As was discussed in prior our Newsletters, effective January 1, 2013, all commission agreements must be put in writing. The amendment to the Labor Code applies to all employers whether or not located within California, with employees located within the state.

Specifics of the Writing:

  • The method for the calculation of the commission compensation must be detailed in the agreement.
  • The employee must receive a copy of the signed commission agreement
  • The employer must obtain a signed acknowledgment from the employee that the contract has been received.

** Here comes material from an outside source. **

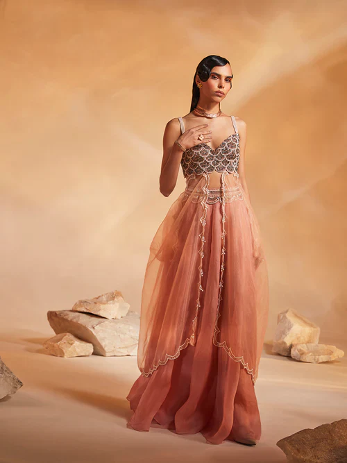 Arlo: Serenity of night come alive with our Arlo set featuring scallop embellishments, pearl detailing and green stones for perfect contrast.

If there is a “term” (duration) to the contract, which term expires, and no commission agreement is entered into, it is presumed that the expired contract remains in effect, until replaced or until the employee’s employment ends.

What is a Commission?

The Labor Code defines “Commissions” as:

“Compensation paid to any person for services rendered in the sale of such employer’s property or services and based proportionately upon the amount or value thereof”.

So those employees who are involved in sales are covered by this new requirement, if their compensation includes a “commission” which is calculated as a proportion of the amount or value of the product or service sold.  A commission will vary based on the sales volume each compensation period.

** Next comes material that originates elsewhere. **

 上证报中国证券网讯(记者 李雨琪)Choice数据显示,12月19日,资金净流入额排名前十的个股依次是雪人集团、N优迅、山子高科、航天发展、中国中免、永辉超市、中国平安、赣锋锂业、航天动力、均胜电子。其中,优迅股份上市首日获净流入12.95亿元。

While “productivity bonuses” are excluded from this legal requirement, a bonus plan where the employee receives compensation for work performed that is based on a percentage of sales or profits  would be required to be put in writing.

When are Commissions Earned?

Commissions are a form of “wages” and must be paid when “earned” .  Once “earned” they must be paid in the next regular paycheck.   When commissions are earned should be detailed in the Agreement, as such can vary depending on the employer’s business.

For example, a commission can be “earned” when the sales agreement (or P.O.)  is signed; when the  goods are delivered, when the goods are paid for, or some other condition which is expressly stated by the employer.

While there can be no “forfeiture” of earned commissions since they are “wages”, there can be offsets and/or charge backs against commission earnings but the offset or deduction must only be against “unearned” commissions so the designation of when a commission is “earned” is critical.

It is also critical to define what commissions will be considered “earned” and subject to payment to a departing employee.

What Should I Do?

  • Review your written commission agreements to determine if all the required terms are included
  • If you do not have written commission agreements (or sales pay plans), you must develop one prior to January 1, 2013 and have the affected employees sign the agreement and obtain an acknowledgment of receipt.